_Instructions to follow_
Once you find the line with "Zvedací westernové pákové" in the entries below, return exactly every line from it through the line with "Fitting custom waterproof".

═════ Data in this exercise

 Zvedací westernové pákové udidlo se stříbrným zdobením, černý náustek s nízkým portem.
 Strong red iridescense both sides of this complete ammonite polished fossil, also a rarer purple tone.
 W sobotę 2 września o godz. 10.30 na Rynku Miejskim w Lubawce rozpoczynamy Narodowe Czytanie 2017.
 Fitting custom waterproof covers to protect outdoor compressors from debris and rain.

══════════
═════ Data in this exercise

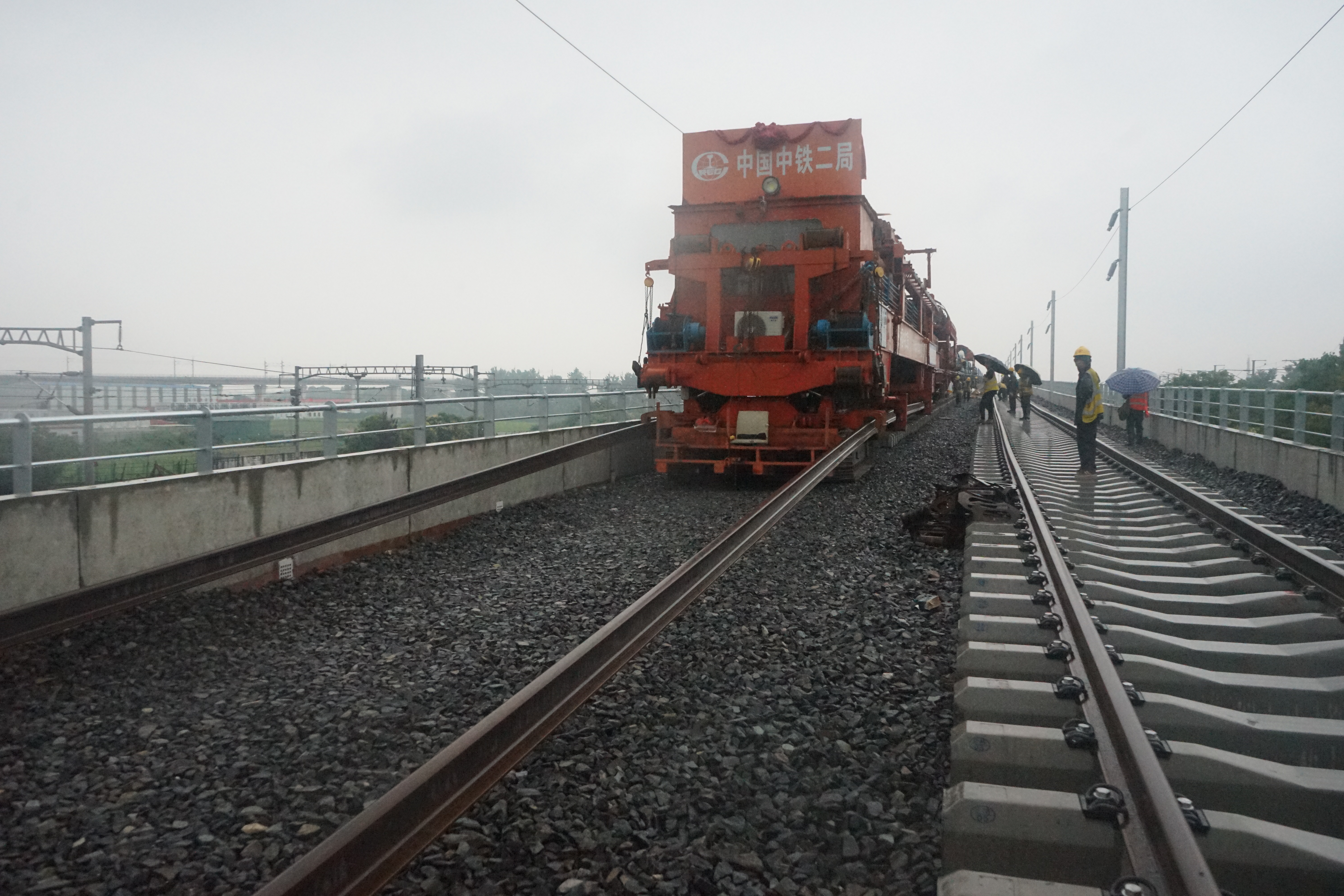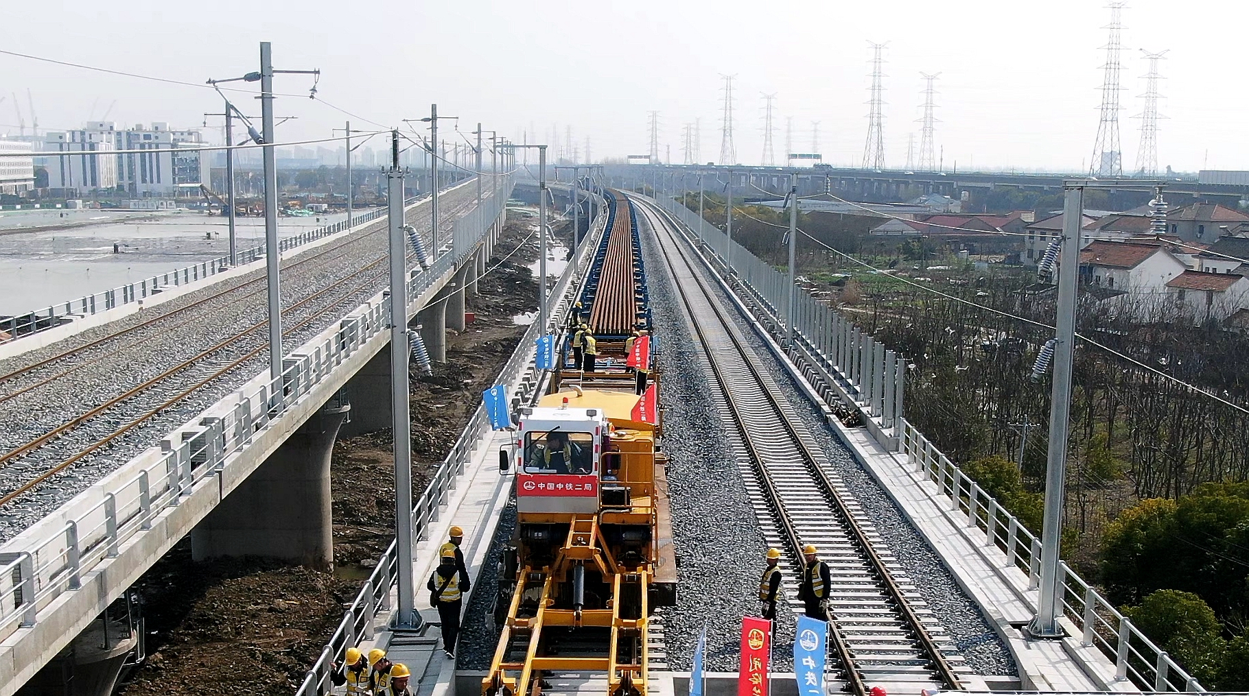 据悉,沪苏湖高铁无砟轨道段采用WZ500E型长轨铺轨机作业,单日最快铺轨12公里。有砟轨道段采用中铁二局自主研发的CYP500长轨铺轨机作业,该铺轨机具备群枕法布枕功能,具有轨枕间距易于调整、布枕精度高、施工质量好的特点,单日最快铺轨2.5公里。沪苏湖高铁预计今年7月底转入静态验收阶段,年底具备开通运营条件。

══════════

_Written solution_
 Zvedací westernové pákové udidlo se stříbrným zdobením, černý náustek s nízkým portem.
 Strong red iridescense both sides of this complete ammonite polished fossil, also a rarer purple tone.
 W sobotę 2 września o godz. 10.30 na Rynku Miejskim w Lubawce rozpoczynamy Narodowe Czytanie 2017.
 Fitting custom waterproof covers to protect outdoor compressors from debris and rain.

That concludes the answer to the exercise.